Despite a 90-day window that allows Bellator to exclusively negotiate with sought-after free agent Eddie Alvarez, the promotion's CEO Bjorn Rebney doesn't expect to take nearly that long to determine whether he can strike a deal with the former lightweight champion.
In a Friday night interview with MMA Fighting, Rebney said that Bellator has made Alvarez an offer, and that Alvarez's response will determine the next step. If he accepts it, he stays in the Bellator fold where he will be prominently featured as the promotion moves to its new broadest home on Spike. And if he doesn't, Rebney will allow him to bypass the remaining 70+ days of the exclusive negotiating period and take his talents to the open market, where he will no doubt be MMA's hottest commodity.
Such a move would ultimately benefit both sides, as it would allow Alvarez to restart his career faster than expected, while it would also offer Bellator a chance to properly gauge its assets as it heads into its pivotal 2013.
While Rebney at one point in the recent past seemed to indicate the promotion was prepared to move on without Alvarez, the two sides have had multiple conversations since Alvarez defeated Patricky "Pitbull" Freire on Oct. 12, satisfying the terms of his existing contract.
The talks began in the moments after the victory, when Rebney and Alvarez sat down together at Caesars Windsor for one hour, and have continued nearly daily since then, allowing the Bellator boss to present Alvarez his vision of the future, along with contract terms and other ancillary opportunities expected to come through Bellator's new ownership group, media conglomerate Viacom.

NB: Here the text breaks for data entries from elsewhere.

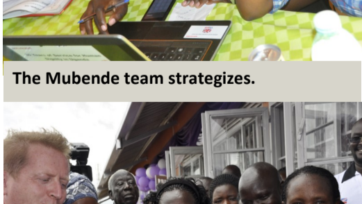
Policy influencers launch the Gulu GBV shelter in 2014.(file photo)
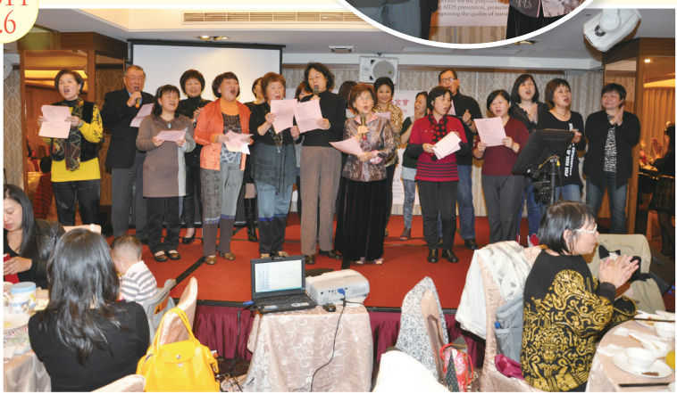
本基金會舉辦感恩餐會，以感謝各界的支持 NAPF hosted an appreciation dinner in honor of the support from contributors.
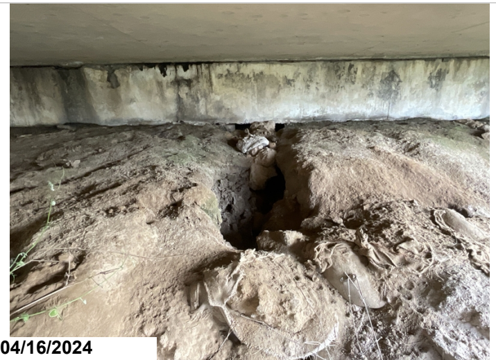
Abutment 2: erosion exposing 1 pile
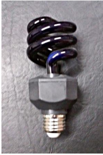
UV screw bulb.
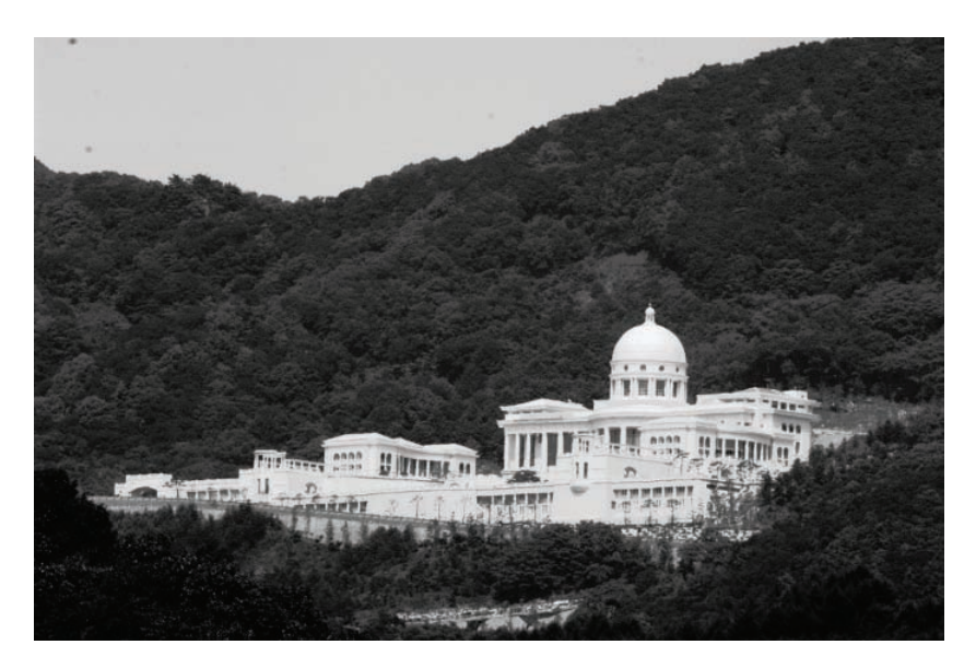
Figure 4 Ch'ŏnjŏnggung (Palace of Heavenly Righteousness, commonly called Cheon Jeong Gung or Peace Palace) in Ch'ŏngp'yŏng: the major UM landmark and 'eternal' symbol for the 'True Parents' and the 'cosmic accomplishments' of their peace movement

the time of Mun's centenary in 2020. From this one can infer that the Kingdom of Heaven on earth as adumbrated by Mun, that is, involving every single human being and bringing about world peace, will naturally be deemed in constant need of more time for the UM leadership to render it concrete. Otherwise, the UM would forfeit doctrinal cohesion and, thus, relinquish its key ideological momentum.

Of course, Alvarez's decision may come down to guaranteed money. Because the UFC has already expressed an interest in Alvarez, it's quite possible that he will at least temporarily bypass the Bellator offer in hopes of negotiating with the Las Vegas-based promotion and driving up his price. While ordinarily, that would require Alvarez to wait out the 90-day exclusive rights period, Rebney is willing to waive the clause and expedite the situation if Alvarez declines their offer while indicating a desire to test the open market before making a decision.
If that happens, Rebney expects the situation to resolve itself quickly as the UFC is likely to swoop in with an offer, and Bellator will have a chance to match it.

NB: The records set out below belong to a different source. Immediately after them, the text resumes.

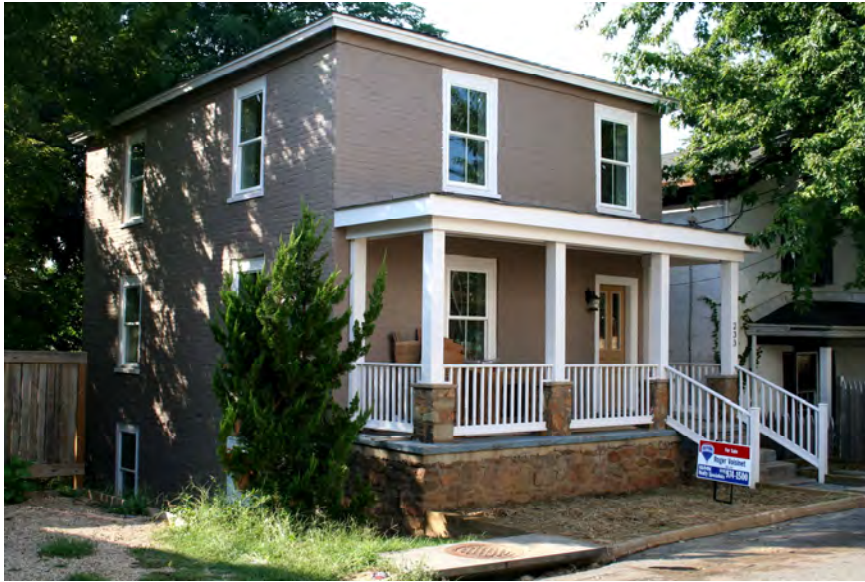
brick pointed, sealed and painted, new thermal pane windows
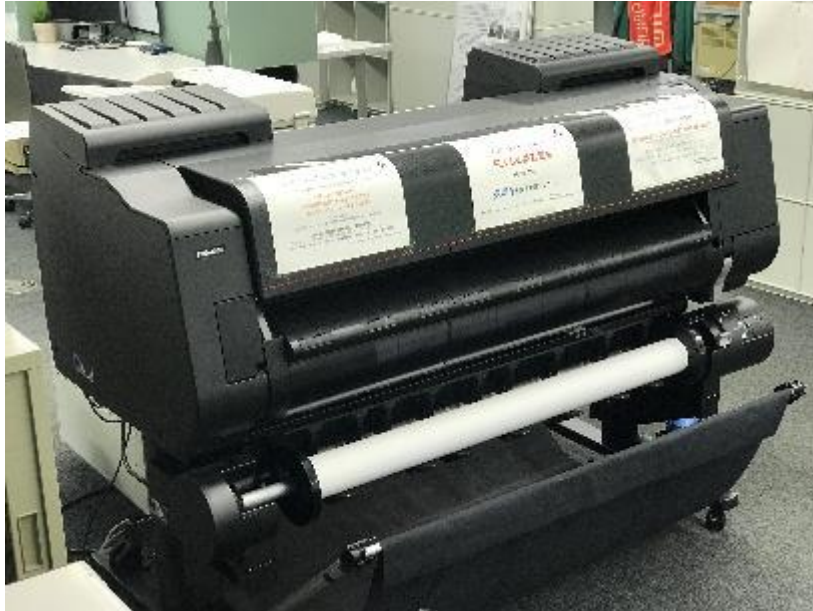
Large Format Printer at 3F Loft

For more information on the use of large format printers https://www.mag.keio.ac.jp/en/users-guide/shared-facilities/printers/lfp/
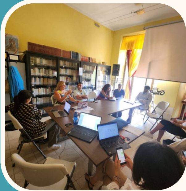
Discussion on the activities to be carried out

At least 40 subjects over the age of 45 are required, but this does not mean that other subjects of any age can also participate once it has been ensured that the 40 required subjects are present. 10 "students" per municipality could be involved, divided between Pacentro, Pettorano, Pescocostanzo and Cansano. The aim is to develop and promote the tourism market, strengthening the skills of those trained and involved in activities with high added value for health, adding an offer no longer limited to hotel services, but also other sectors such as nutrition, physical activity, as well as making tourist flows more sedentary and extensive.
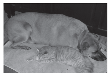
Max with his canine buddy
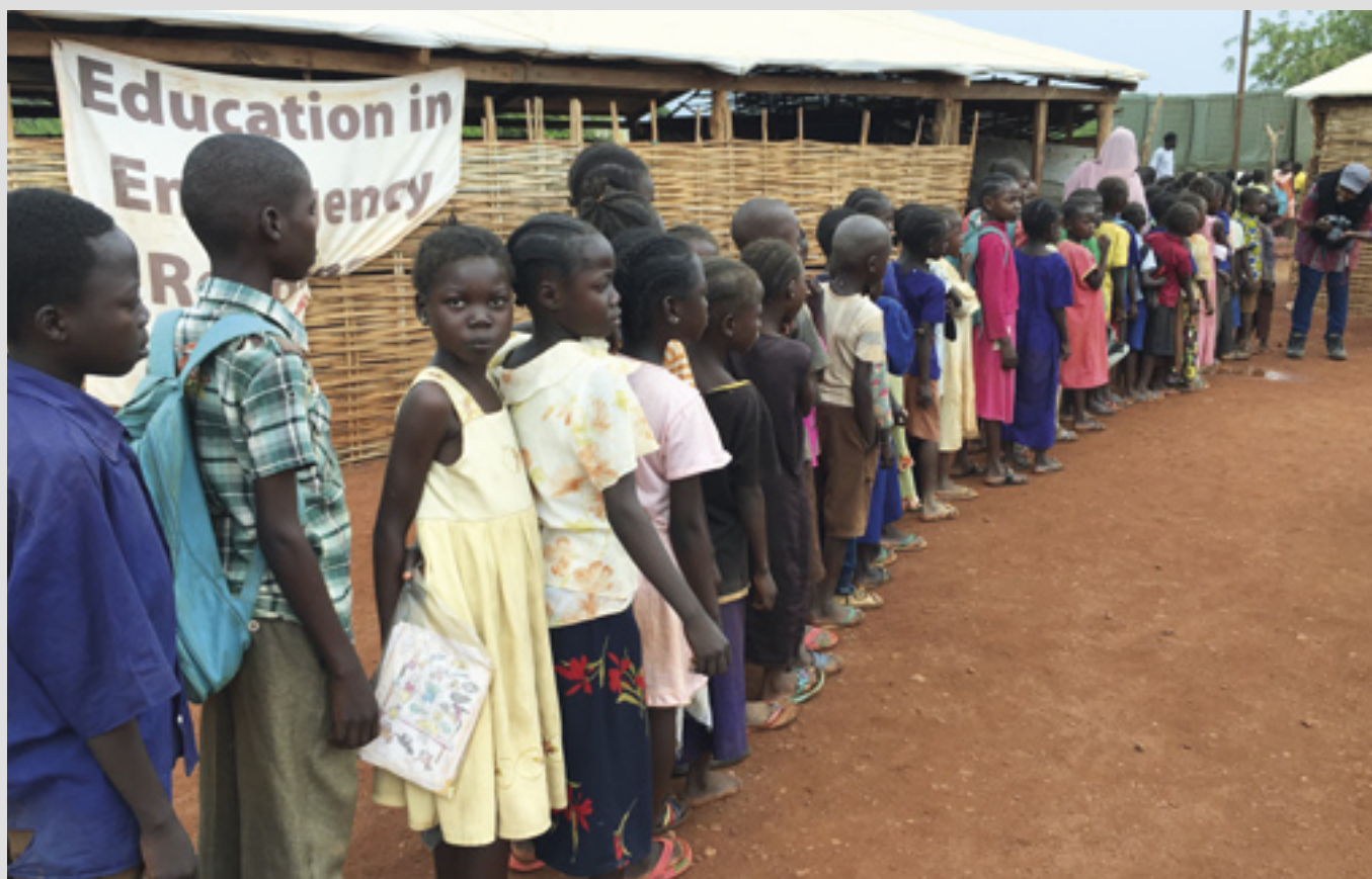
▲ School pupils line up for hot, nourishing meals in South Sudan, provided by the Order's Malteser International

Ordre de Malte France has also signed a cooperation agreement with the DAHW (Deutsche Lepra- und Tuberkulosehilfe e.V.) for detection of tuberculosis and leprosy including cases in remote villages. A second partnership has been signed with Hilfe für Senegal who donated medical equipment (wheelchairs, crutches, etc.) to the dispensary in Gorée.

"My read on Ed is that he's approached these talks professionally and totally in good faith," Rebney said. "He's made the effort to come sit and talk to us. He's followed up and asked a lot of questions as far as what we can do for him, the exposure we can provide and what other doors we can open. He's been very engaged. Ed's been rock-solid for us for years, and if he wants to see what they are going to offer, I'm going to let him see."
Rebney said that within 3-4 days, he expects to either be announcing that Alvarez is staying with Bellator, or that he's cutting short the exclusive rights window and setting Alvarez free to look elsewhere.

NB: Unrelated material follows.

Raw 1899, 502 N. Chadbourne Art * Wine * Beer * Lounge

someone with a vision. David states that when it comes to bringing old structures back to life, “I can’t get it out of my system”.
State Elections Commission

It's a situation that is all too familiar for Rebney, who went through it six months ago with Hector Lombard, who was at the time Bellator's reigning middleweight champion. In that instance, Lombard hit the open market, where he was immediately offered a lucrative deal with the UFC.
Rebney said that contract, which according to him paid Lombard a $400,000 signing bonus, a $300,000 starting purse per fight and pay-per-view participation points, was cost-prohibitive from Bellator's standpoint.
If the UFC came in with a similar offer for Alvarez, who is considered by most observers to be right around the top five lightweights in the world, it is believed that would make him the highest-paid 155-pounder in the UFC. On the other hand, Lombard's debut in the UFC was considered a disappointment, as he lost a lackluster split-decision to Tim Boetsch. That development could cause the UFC to reconsider a big-money offer for another free agent.
"It's an interesting spot," Rebney said. "We've talked about the dynamics for months about him staying or leaving. We don't make decisions based off emotions. We do our analysis and try to determine if it fits in our model. Eddie can say, 'I'm going to go see what they offer,' and if he does, there's no reason to dance. If he wants to look at what they're offering -- and I don't think that's unreasonable, by the way -- I'll open the door sooner than we're required. I'm not saying we won't come to an agreement, but even though we're having some good talks, that's what it might come down to."